Between a rock and a hard place, that’s what it can feel like when one of your friends reveals information that could hurt another of your friends; such is the dynamic when you are friends with both members of a couple and one reveals that he/she cheated on the other.
Where do your allegiances lie? Are you obligated to hold a secret or reveal the truth to the victim? How will the truth affect the group dynamic and what are your responsibilities as a confidant/middle man? Should you push the cheater to come clean? Simply pass the news, or keep quiet?
Don’t Let Your Emotions Escalate the Situation
Your friend’s infidelity may draw questions about their moral character and could change the level that you can trust them. However, while these actions may cause your perception to change, it’s important to attempt to eliminate any sense of judgment. While you may have a strong opinion regarding infidelity, it’s a good practice to remain in a neutral corner and/or frame of mind.

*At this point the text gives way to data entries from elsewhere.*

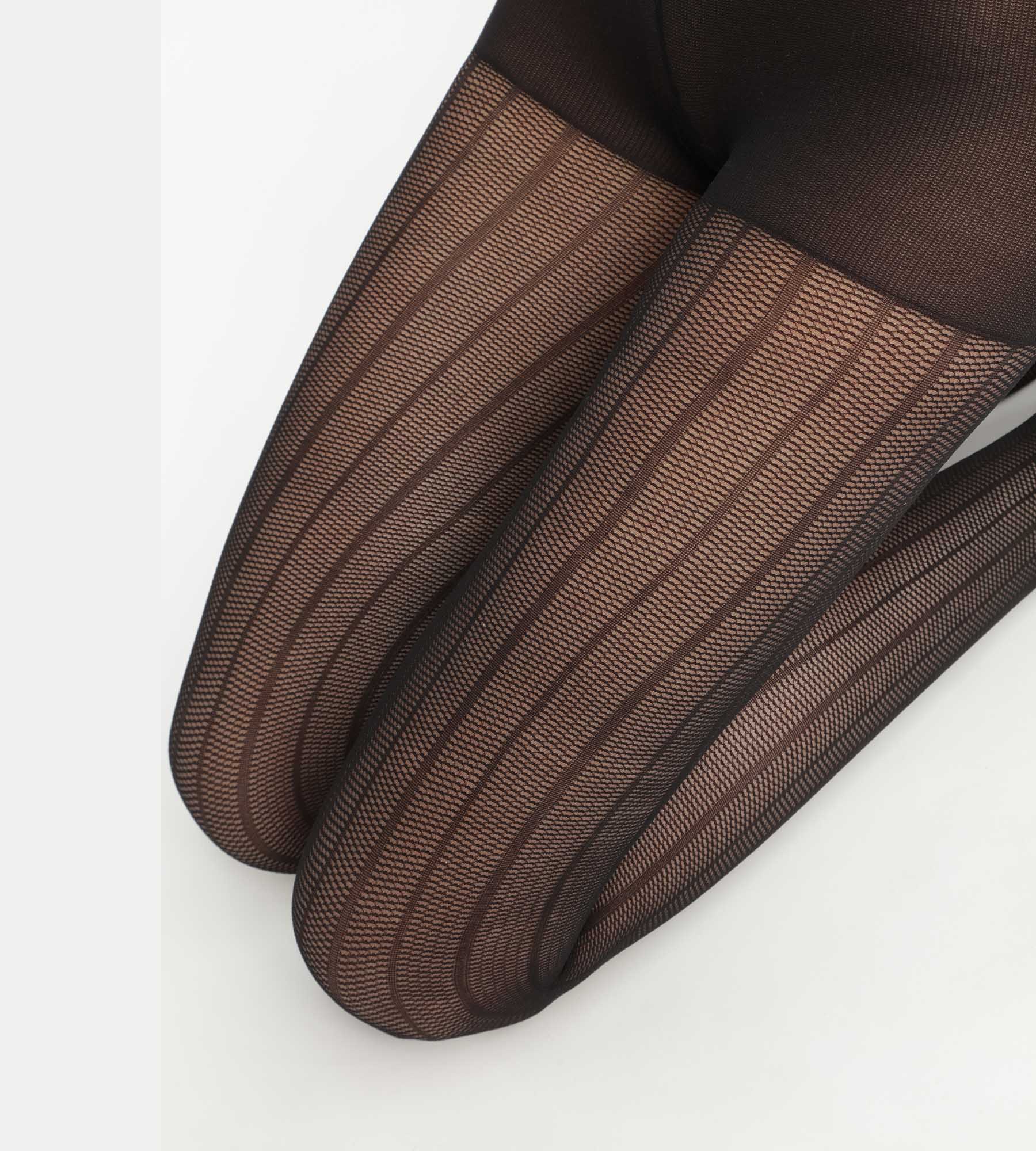 Liven up your outfits with these sheer tights in a black Dim Style linear pattern!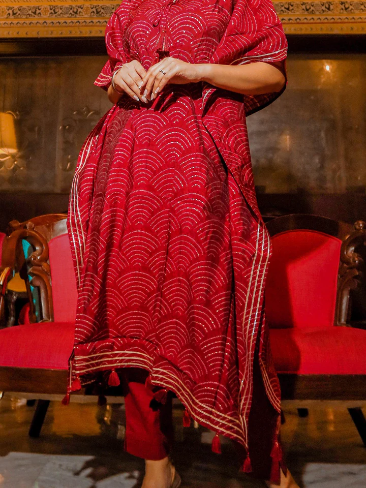 Exclusive Set of Maroon Rayon Bandhej Kaftan Pant Set. it’s Key Hole neck with String Design and sequined work on large placement of all kaftan. It’s gota patti with tussels of threads bottom Border and sleeves Border. This kaftan with Mahoon Solid Cotton Flex pant to finish look. it has two pocket. It’s very Stylish, comfortable and best suited for any traditional wear.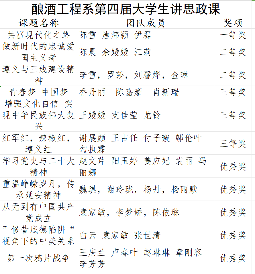此次大学生讲思政课比赛的成功举办,通过讲、思、悟,增强了大学生对思政课的获得感,有效提升了同学们讲授思政课的能力,也更加坚定了同学们讲好思政课的信心。今后,酿酒工程系将继续创新思想政治教育形式,引领学生以青年视角、用青年声音讲好中国故事,传承红色基因,努力成为担当民族复兴大任的时代新人。

Because relationships are multifaceted, only those living within them have a true understanding of their dynamics. As a result, it’s best to avoid language and actions which suggest judgment or condemnation. Rather serve as a sounding board meant to absorb information rather than criticize it; limit your opinions to how certain behaviors have or might hypothetically affect you.
Be Honest With Yourself and Your Values
Being there for a friend during a crucial point in their life is a test that can define a friendship. With this in mind, if you value the friendship you should try to help as best as you can during this difficult time. However, avoid compromising your own moral character by becoming a part of the lie. Advise him/her to the best of your ability and hope that they act accordingly. If you feel obliged to risk a friendship by exposing the truth then you need to be prepared for corresponding backlash and/or consequences.
Serving as the truth holder in the case of infidelity between mutual friends will undoubtedly test your friendship and the values associated with it. You may choose to remain quiet, or reveal the truth. You may in the end lose or alienate friends, and you may not know until the situation is presented how you will react. When the time comes, the best course of action is to look within yourself and use your moral compass to decide what outcome you can live with.